Жеребец повернул голову и ласково дунул мне в ухо, даже лизаться не стал, наверное, опасался применять физическое воздействие разновидности «терка обыкновенная» к травмированной хозяйке.
— Отлично, я… мне отойти на минутку надо, — сказал Гиз и быстрым шагом скрылся среди деревьев справа от дороги.
— Мокрая, хоть выжимай. — Я поморщилась от неприятного ощущения влажной от пота одежды, липнущей к телу, для полноты ощущений продуваемой ветерком.
Вот под дождем, мокрая насквозь, могу часами гулять (главное потом рюмочку хорошего кагора выпить), а стоит чуток пропотеть, так тут же тянет переодеться.
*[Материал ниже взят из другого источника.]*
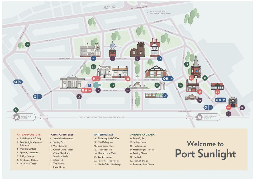 Tourist map of some of the main non-residential buildings of Port Sunlight. Source and full-sized version: Port Sunlight Village Trust
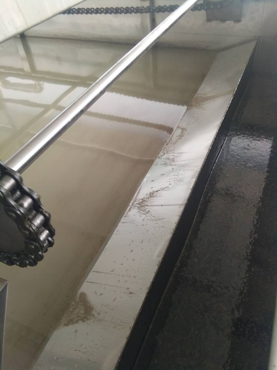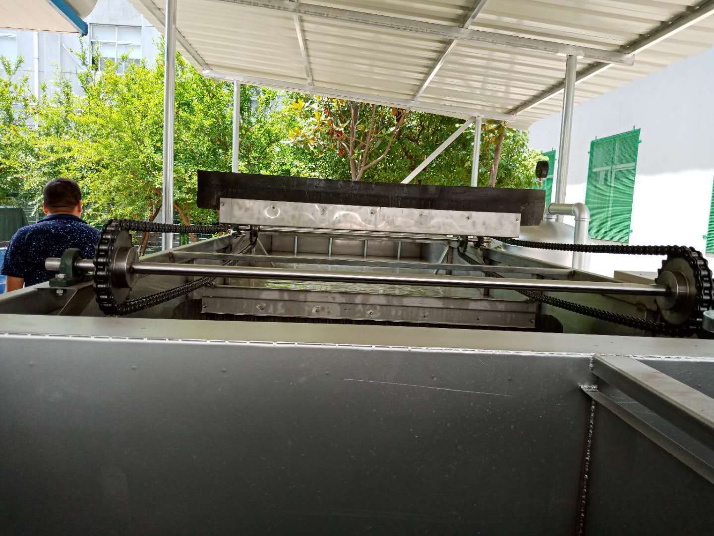 改造方案:增加一臺(tái)氣浮型撇油撇渣機(jī),污水進(jìn)入水體后,首先經(jīng)氣浮設(shè)備產(chǎn)生大量微氣泡,將水體中油脂、雜物上浮至水體表面,再經(jīng)過自動(dòng)撇油撇渣機(jī)刮除掉,這樣解決原來水中除渣、除油不徹底的現(xiàn)狀。
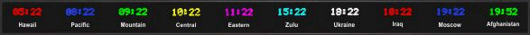 time zone clocks have 5 character dot matrix LED displays that alternate between
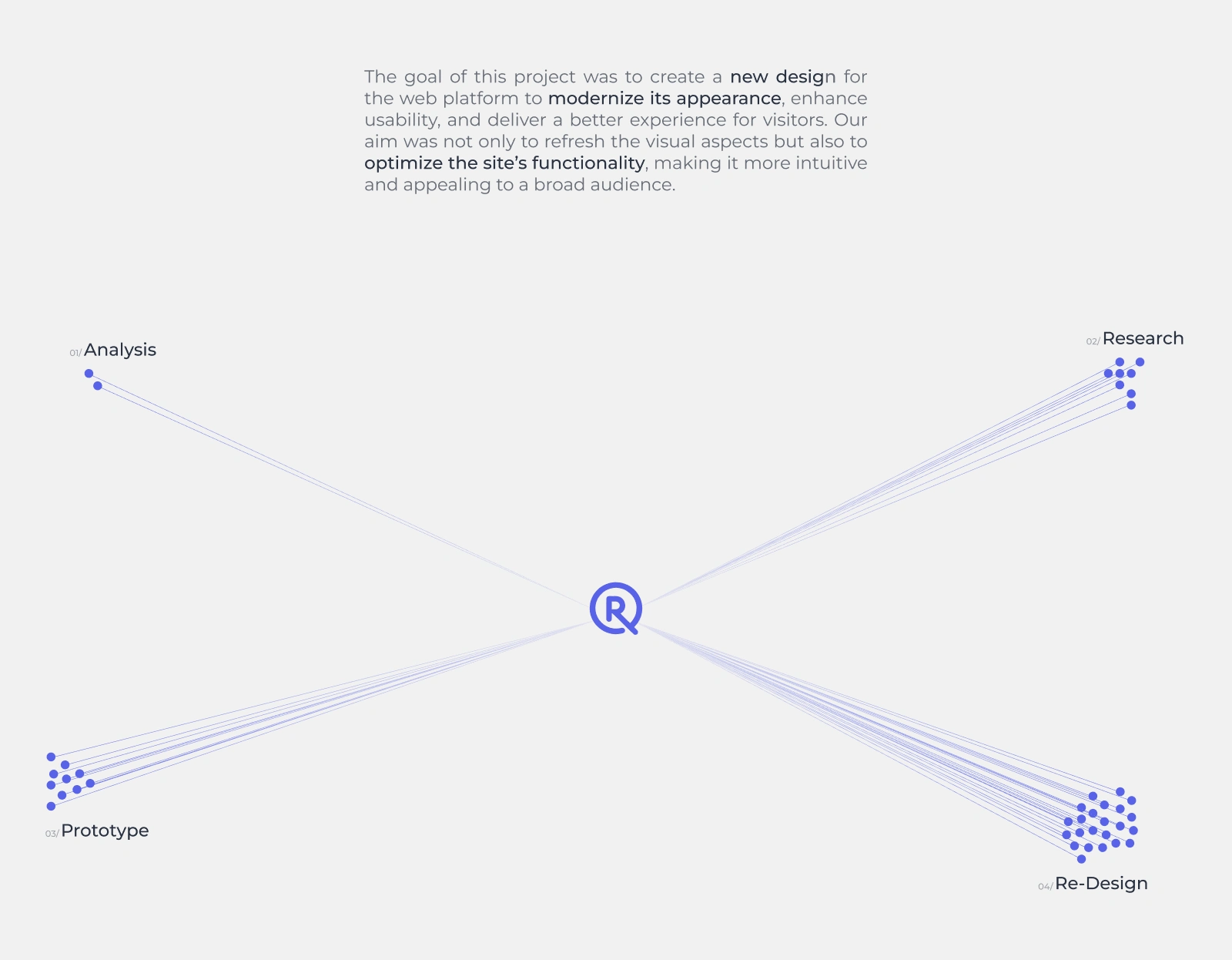 The primary objective of this project was to redesign the web platform with a focus on modernizing its visual appearance, improving usability, and elevating the overall user experience. We aimed to go beyond simply updating the aesthetics; our goal was to create a design that seamlessly combines form and function. By enhancing the site’s structure and navigation, we strived to make it more intuitive and user-friendly for a diverse audience. The redesign also included optimizing the platform's functionality to ensure smooth interactions, faster load times, and an engaging experience that caters to the needs and expectations of its visitors.
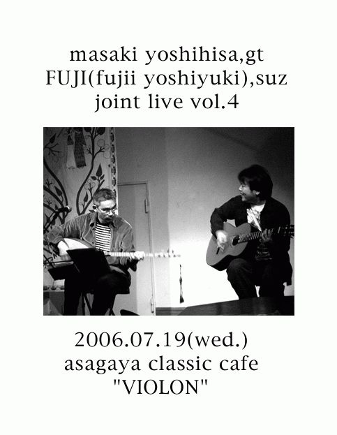 毎度失礼します、ギターの吉久昌樹と申します。 ライブの告知をさせてください。 お馴染み「日本一のサズ奏者」FUJIこと藤井良行さんとのジョイントライブ、4回目です。 2006/07/19(水) 『吉久昌樹gt&FUJI suz joint live vol.4』 ・FUJI(藤井良行)suz solo ・吉久昌樹gt solo ・吉久昌樹gt+FUJI suz duo 阿佐ヶ谷名曲喫茶ヴィオロン 杉並区阿佐谷北2-9-5 03(3336)6414 19:00start ¥1.000(1drink付) 地図 http://qkunnet.hp.infoseek.co.jp/violon.gif 吉久は即興を交えたオリジナル曲とカバー曲を、 FUJIさんはトルコ大衆音

Неприятно! Потому так не люблю общественно-пахучий транспорт в суровую летнюю пору, хоть пешком иди, чтобы не нюхать невообразимое амбре «несвежий пот энд литр духов/одеколона».
Порхающий Фаль просыпал на мое бренное тело горсть бледно-голубой пыльцы. В следующий миг магическая субстанция испарилась, оставив ощущение прохлады и свежести. Я и одежда были чисты и чуть ли не отглажены. Раньше, чем я успела поблагодарить сильфа, он исчез из поля зрения. Даже свинка потопала куда-то в кусты.
— Почему ты магией себя не вылечила? — Киз будто ждал, когда уйдет основная масса свидетелей, чтобы начать пытку вопросами. Говорил он негрубо, но подозрительно. Может, считал, что я нарочно инсценировала эпизод с укусом ради достижения неведомых, объяснимых лишь с точки зрения профессионального киллера целей?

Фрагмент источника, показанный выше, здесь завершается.